• [DATA FOR THIS TASK]:

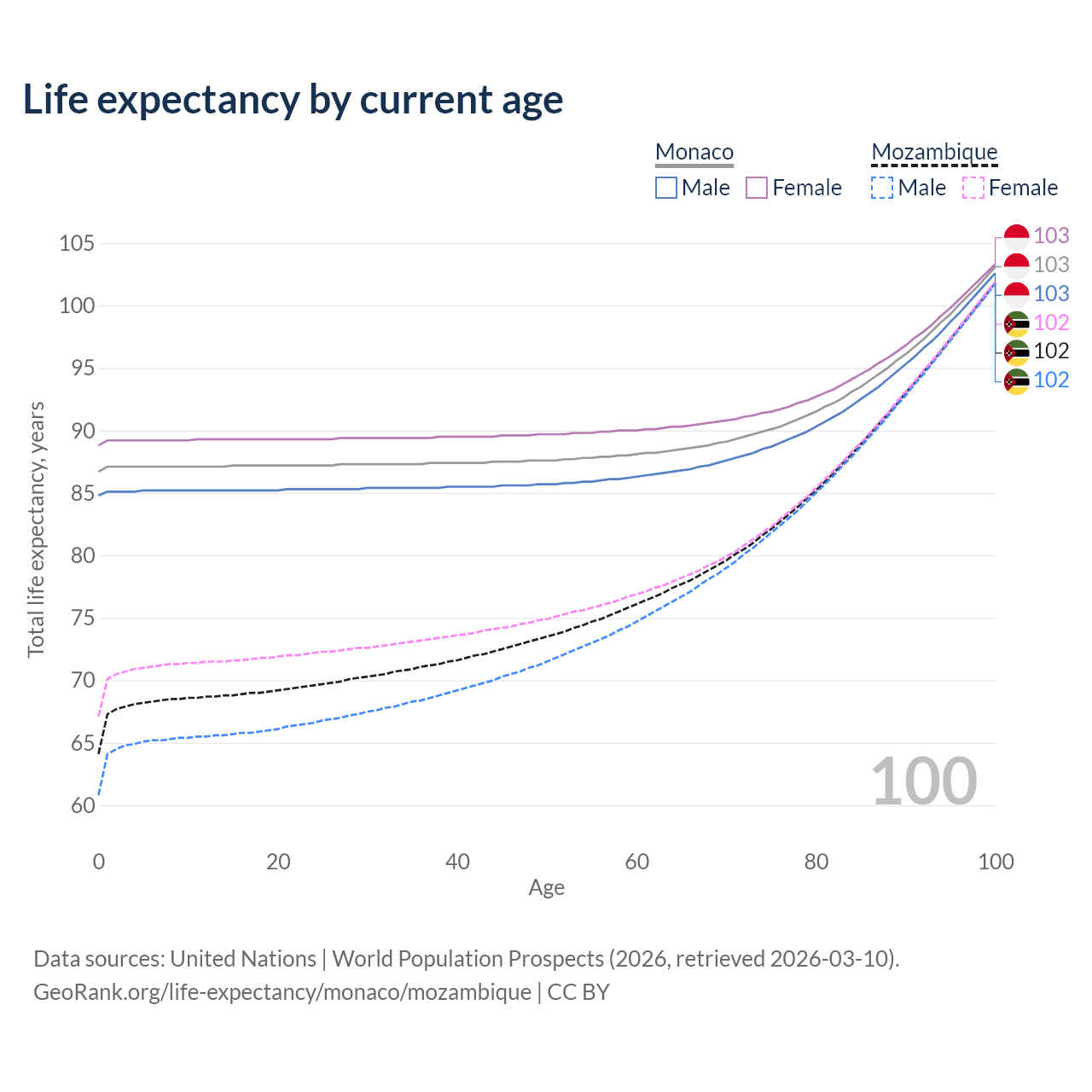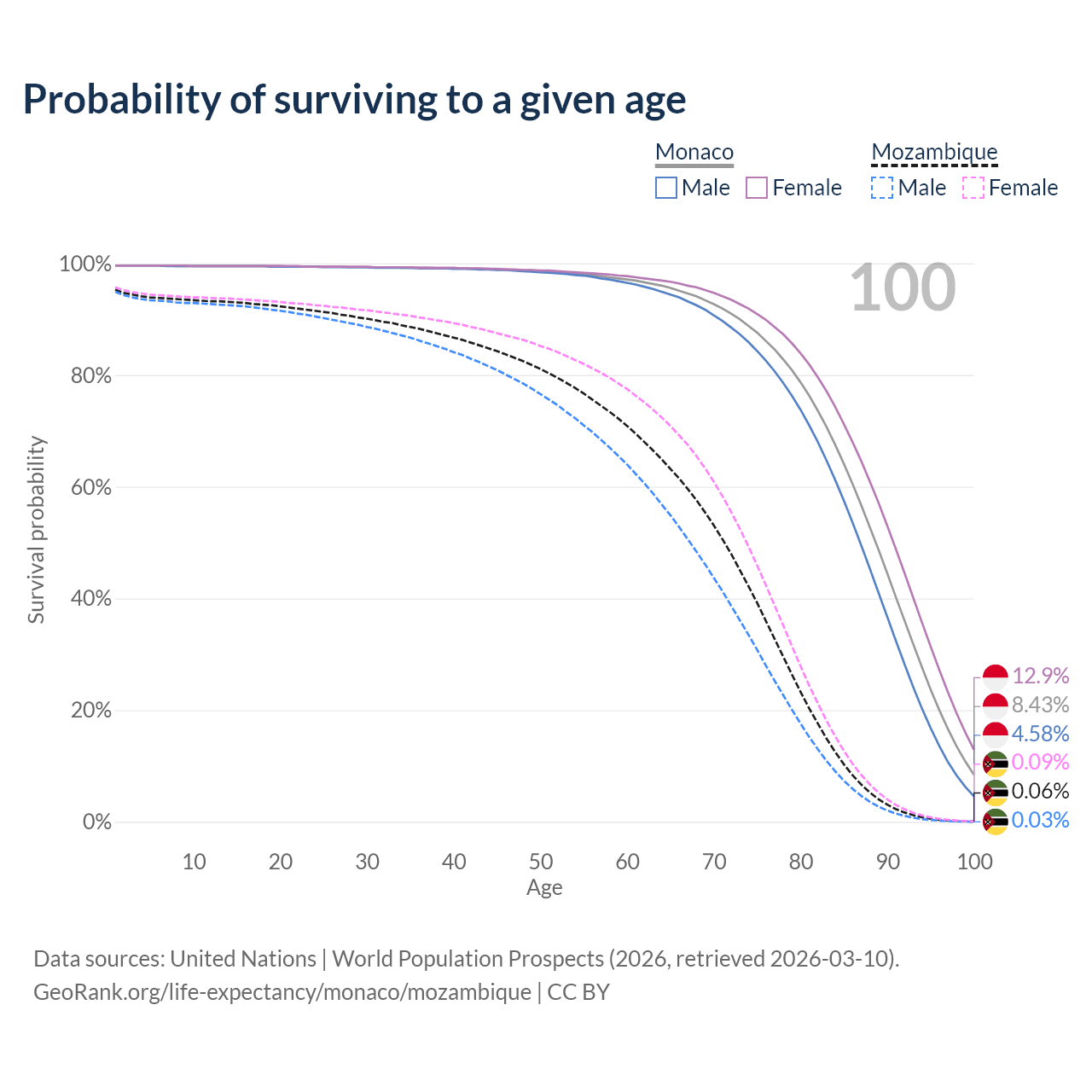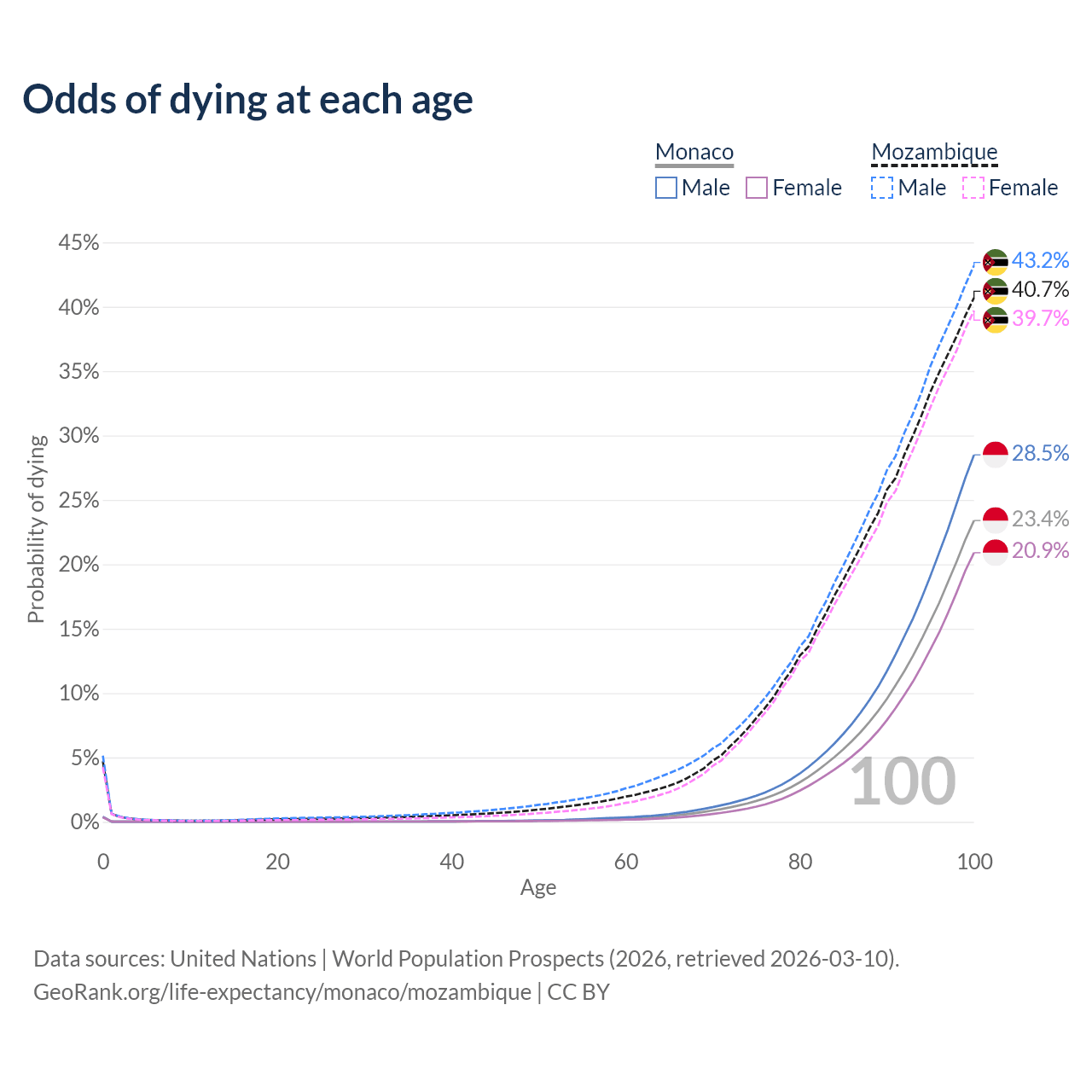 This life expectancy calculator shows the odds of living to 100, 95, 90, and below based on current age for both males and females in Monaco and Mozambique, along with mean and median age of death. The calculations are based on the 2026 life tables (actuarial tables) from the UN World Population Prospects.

...

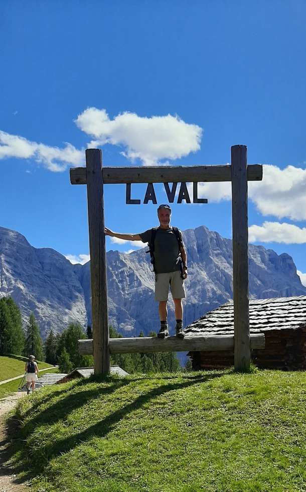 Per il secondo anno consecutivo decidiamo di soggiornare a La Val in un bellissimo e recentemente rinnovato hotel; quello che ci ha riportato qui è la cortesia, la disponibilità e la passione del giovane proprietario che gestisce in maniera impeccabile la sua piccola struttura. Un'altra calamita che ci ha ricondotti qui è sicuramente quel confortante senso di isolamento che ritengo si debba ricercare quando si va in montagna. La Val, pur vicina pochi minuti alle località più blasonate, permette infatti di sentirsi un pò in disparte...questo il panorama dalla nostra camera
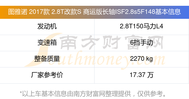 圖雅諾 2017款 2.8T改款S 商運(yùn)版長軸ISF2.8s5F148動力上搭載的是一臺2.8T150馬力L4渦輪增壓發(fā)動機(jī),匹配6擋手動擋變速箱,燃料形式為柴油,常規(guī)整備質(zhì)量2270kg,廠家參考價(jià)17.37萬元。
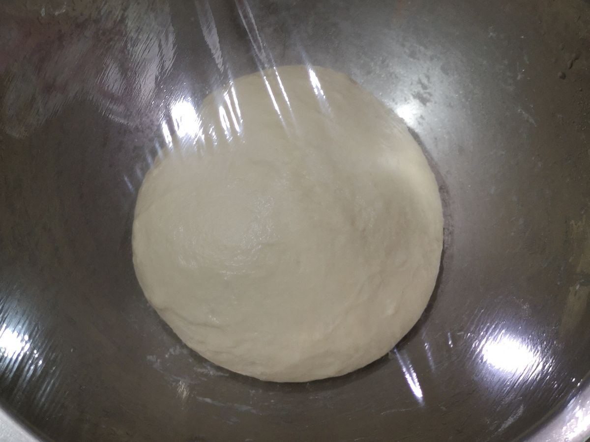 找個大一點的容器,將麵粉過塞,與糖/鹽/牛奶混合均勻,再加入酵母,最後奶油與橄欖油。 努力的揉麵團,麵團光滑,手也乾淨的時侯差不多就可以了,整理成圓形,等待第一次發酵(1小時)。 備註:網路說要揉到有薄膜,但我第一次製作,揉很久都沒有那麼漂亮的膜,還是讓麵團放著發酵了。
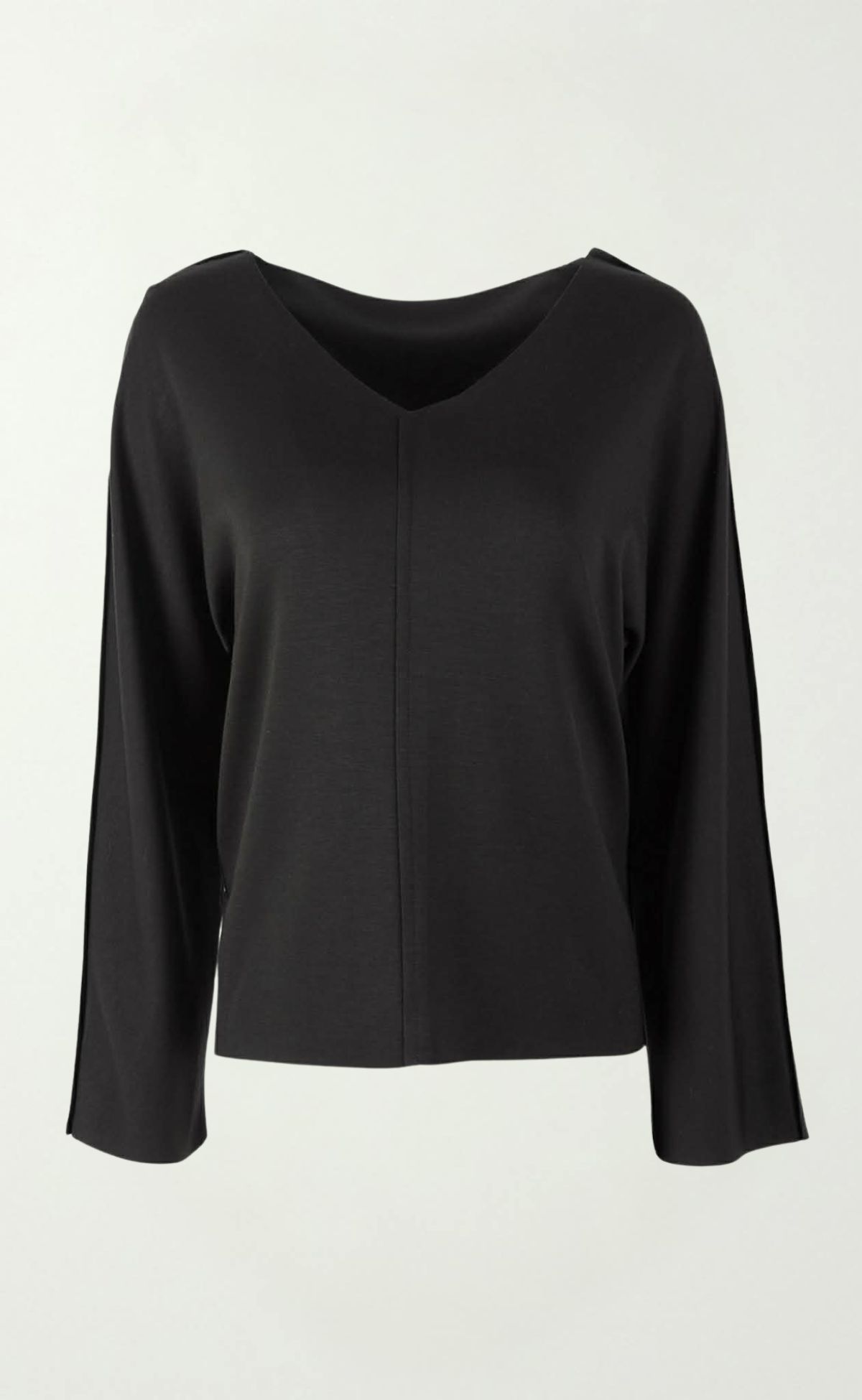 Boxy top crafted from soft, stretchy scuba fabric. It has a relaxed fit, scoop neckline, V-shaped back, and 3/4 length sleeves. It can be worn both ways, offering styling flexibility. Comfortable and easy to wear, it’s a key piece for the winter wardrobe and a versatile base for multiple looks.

...

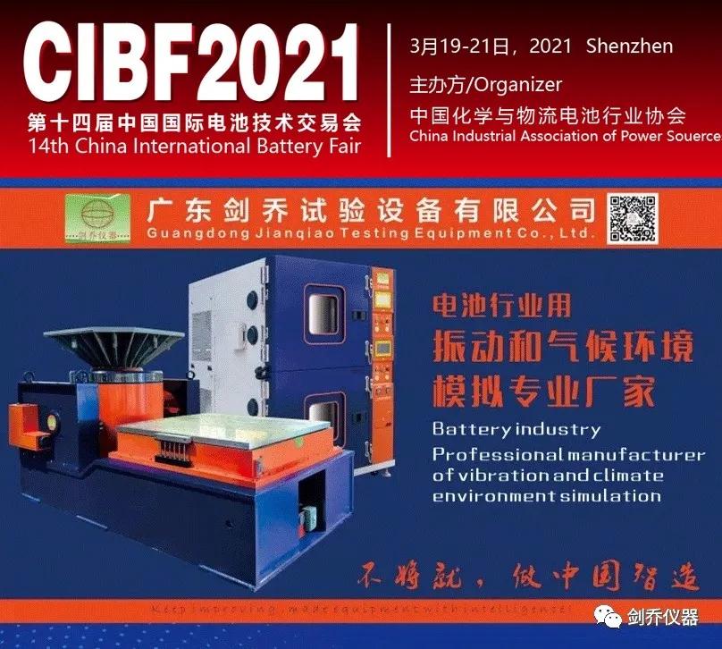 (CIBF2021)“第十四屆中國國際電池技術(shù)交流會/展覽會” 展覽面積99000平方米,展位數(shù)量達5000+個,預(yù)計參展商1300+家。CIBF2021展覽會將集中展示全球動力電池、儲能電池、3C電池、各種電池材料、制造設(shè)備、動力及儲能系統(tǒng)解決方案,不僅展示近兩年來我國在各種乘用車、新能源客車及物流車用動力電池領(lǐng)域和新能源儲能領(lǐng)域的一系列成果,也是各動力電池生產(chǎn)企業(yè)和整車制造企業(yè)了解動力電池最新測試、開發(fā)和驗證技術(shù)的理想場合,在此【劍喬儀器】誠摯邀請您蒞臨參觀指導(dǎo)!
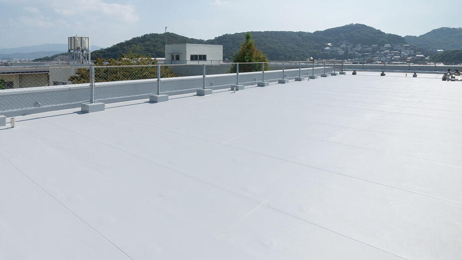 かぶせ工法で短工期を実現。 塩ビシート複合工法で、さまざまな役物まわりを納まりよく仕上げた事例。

• [WHAT THIS TASK INVOLVES]:
Where a picture appears in the records above, omit it, and transcribe exactly the stretch of lines from the one with "Per il secondo" through the one with "Boxy top crafted".

• [RESPONSE AREA]:
 Per il secondo anno consecutivo decidiamo di soggiornare a La Val in un bellissimo e recentemente rinnovato hotel; quello che ci ha riportato qui è la cortesia, la disponibilità e la passione del giovane proprietario che gestisce in maniera impeccabile la sua piccola struttura. Un'altra calamita che ci ha ricondotti qui è sicuramente quel confortante senso di isolamento che ritengo si debba ricercare quando si va in montagna. La Val, pur vicina pochi minuti alle località più blasonate, permette infatti di sentirsi un pò in disparte...questo il panorama dalla nostra camera
 圖雅諾 2017款 2.8T改款S 商運(yùn)版長軸ISF2.8s5F148動力上搭載的是一臺2.8T150馬力L4渦輪增壓發(fā)動機(jī),匹配6擋手動擋變速箱,燃料形式為柴油,常規(guī)整備質(zhì)量2270kg,廠家參考價(jià)17.37萬元。
 找個大一點的容器,將麵粉過塞,與糖/鹽/牛奶混合均勻,再加入酵母,最後奶油與橄欖油。 努力的揉麵團,麵團光滑,手也乾淨的時侯差不多就可以了,整理成圓形,等待第一次發酵(1小時)。 備註:網路說要揉到有薄膜,但我第一次製作,揉很久都沒有那麼漂亮的膜,還是讓麵團放著發酵了。
 Boxy top crafted from soft, stretchy scuba fabric. It has a relaxed fit, scoop neckline, V-shaped back, and 3/4 length sleeves. It can be worn both ways, offering styling flexibility. Comfortable and easy to wear, it’s a key piece for the winter wardrobe and a versatile base for multiple looks.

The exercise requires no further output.